And as I had talked to these forlorn people, these human beings who lay crushed beneath the misfortune which had uprooted them from their barren and exhausted lands, and blown them, like autumn leaves, towards the Caucasus where nature's luxuriant, but unfamiliar, aspect had blinded and bewildered them, and with its onerous conditions of labour quenched their last spark of courage; as I had talked to these poor people I had seen them glancing about with dull, troubled, despondent eyes, and heard them say to one another softly, and with pitiful smiles:

"What a country!"

"Aye,-- that it is !--a country to make one sweat!"

"As hard as a stone it is!"

"Aye, an evil country! "

After which they had gone on to speak of their native haunts, where every handful of soil had represented to them the dust of their ancestors, and every grain of that soil had been watered with the sweat of their brows, and become charged with dear and intimate recollections.

Previously there had joined the party a woman who, tall and straight, had had breasts as flat as a board, and jawbones like the jawbones of a horse, and a glance in her dull, sidelong black eyes like a gleaming, smouldering fire.

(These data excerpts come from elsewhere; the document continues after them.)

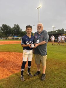 They had also won the series with only nine players still playing. Marvin Myers was hurt before the series and Donald Bean and Compher went down during the series. After a short celebration the Chiefs composed themselves, lined up along the base line and enjoyed the fruits of their labor.  They individually received their championship medal and ring, and then holding the DYB  2025 World Series “O” Zone Champions flag, hoisted their trophy for all to see, just them and their coaches, a spectacular moment and lifetime memory for 12 rec kids from North Myrtle Beach, South Carolina. It was after all the first ever championship and World Series win for the city’s recreation program.
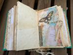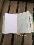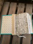 This journal measures approximately 9"x ^ 1/8". It has a hand painted cover with a raised medallion painted in gold and a fabric spine covering. Inside are 5 hand stitched signatures of pages for a total of 200 pages counting front and back. There are book pages, tea, coffee and avocado dyed papers, notebook and scrapbook pages and more. The very center of the book contains a small additional booklet with fold out front and back covers and addition pages for writing inside. There are many pockets, fold outs, trims, ephemera and other surprises throughout the pages of the book. This book has been entirely put together by hand and is one of a kind.
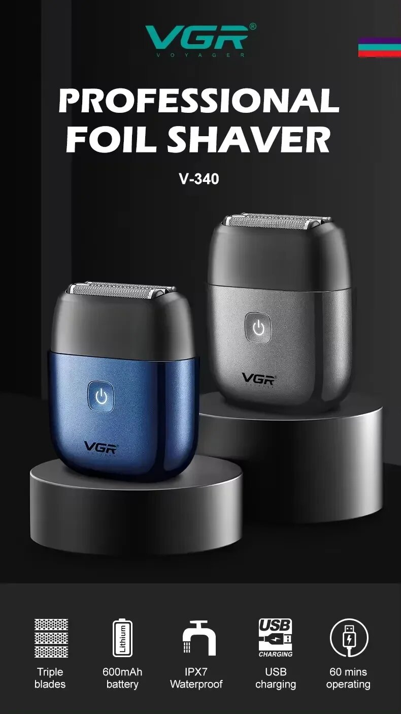 Мужская бритва VGR, ABS пластик, нержавеющая сталь, быстрая зарядка, до 60 мин информация:
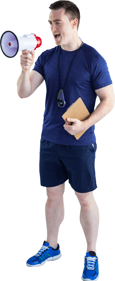 Energetic Male Coach Yelling Motivations Through Transparent Megaphone PNG

And every evening this woman had been wont to step outside the barraque with the woman in the yellow scarf and to seat herself on a rubbish heap, and, resting her cheeks on the palms of her hands, and inclining her head sideways, to sing in a high and shrewish voice:

Behind the graveyard wall, Where fair green bushes stand.

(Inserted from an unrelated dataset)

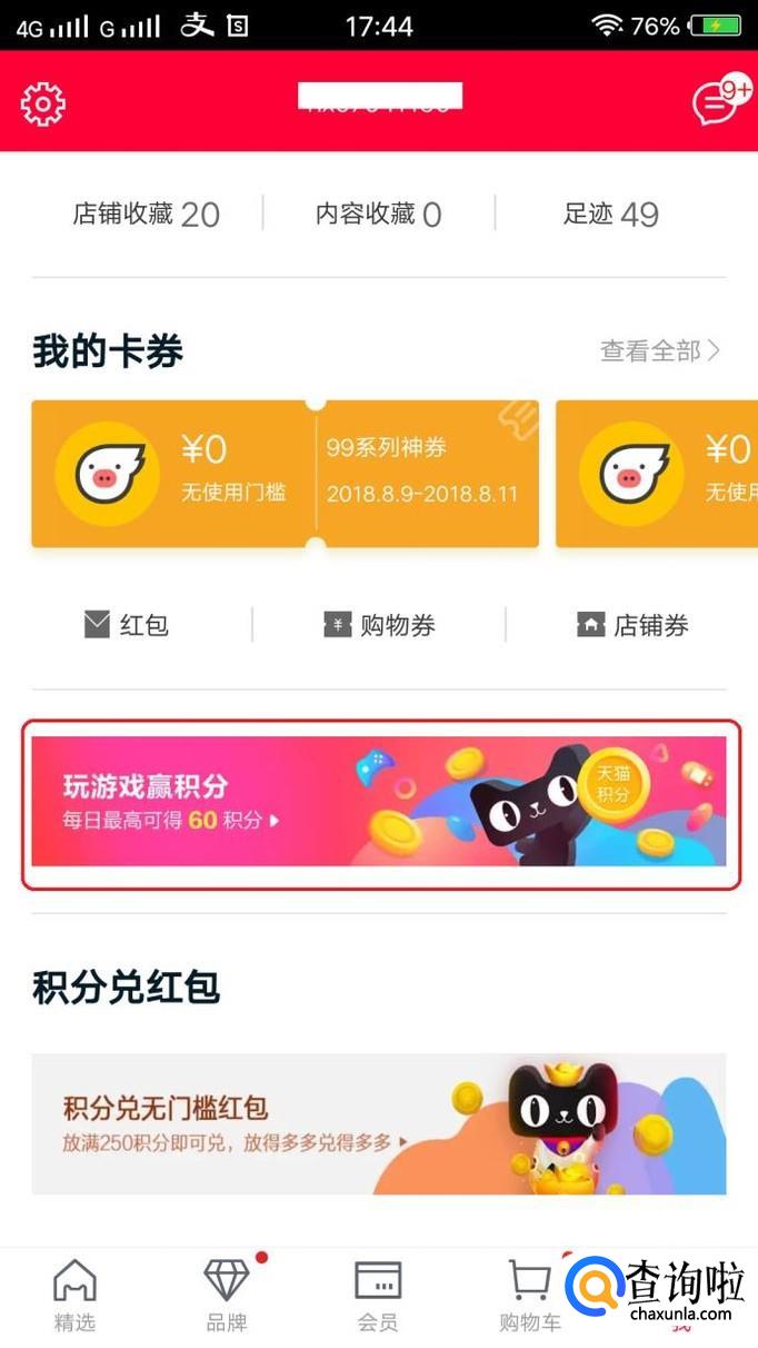登录之后进入个人页,往下划动页面,可以看到“玩游戏赢积分”活动,点击进入。

I'll spread me on the sand A shroud as white as snow.

And not long will it be Before my heart's adored, My master and my lord, Shall answer my curtsey low.

Usually her companion, the woman in the yellow scarf, had, with head bent forward and eyes fixed upon her stomach, remained silent; but on rare, unexpected occasions she had, in the hoarse, sluggish voice of a peasant, sung a song with the sobbing refrain:

Ah, my beloved, sweetheart of mine, Never again will these eyes seek thine!

Nor amid the stifling blackness of the southern night had these voices ever failed to bring back to my memory the snowy wastes of the North, and the icy, wailing storm-wind, and the distant howling of unseen wolves.

In time, the squint-eyed woman had been taken ill of a fever, and removed to the town in a tilted ambulance; and as she had lain quivering and moaning on the stretcher she had seemed still to be singing her little ditty about the graveyard and the sand.

The head with the yellow scarf rose, dipped, and disappeared.

After I had finished my breakfast I thatched the honey-pot with some leaves, fastened down the lid, and indolently resumed my way in the wake of the party, my blackthorn staff tiptapping against the hard tread of the track as I proceeded.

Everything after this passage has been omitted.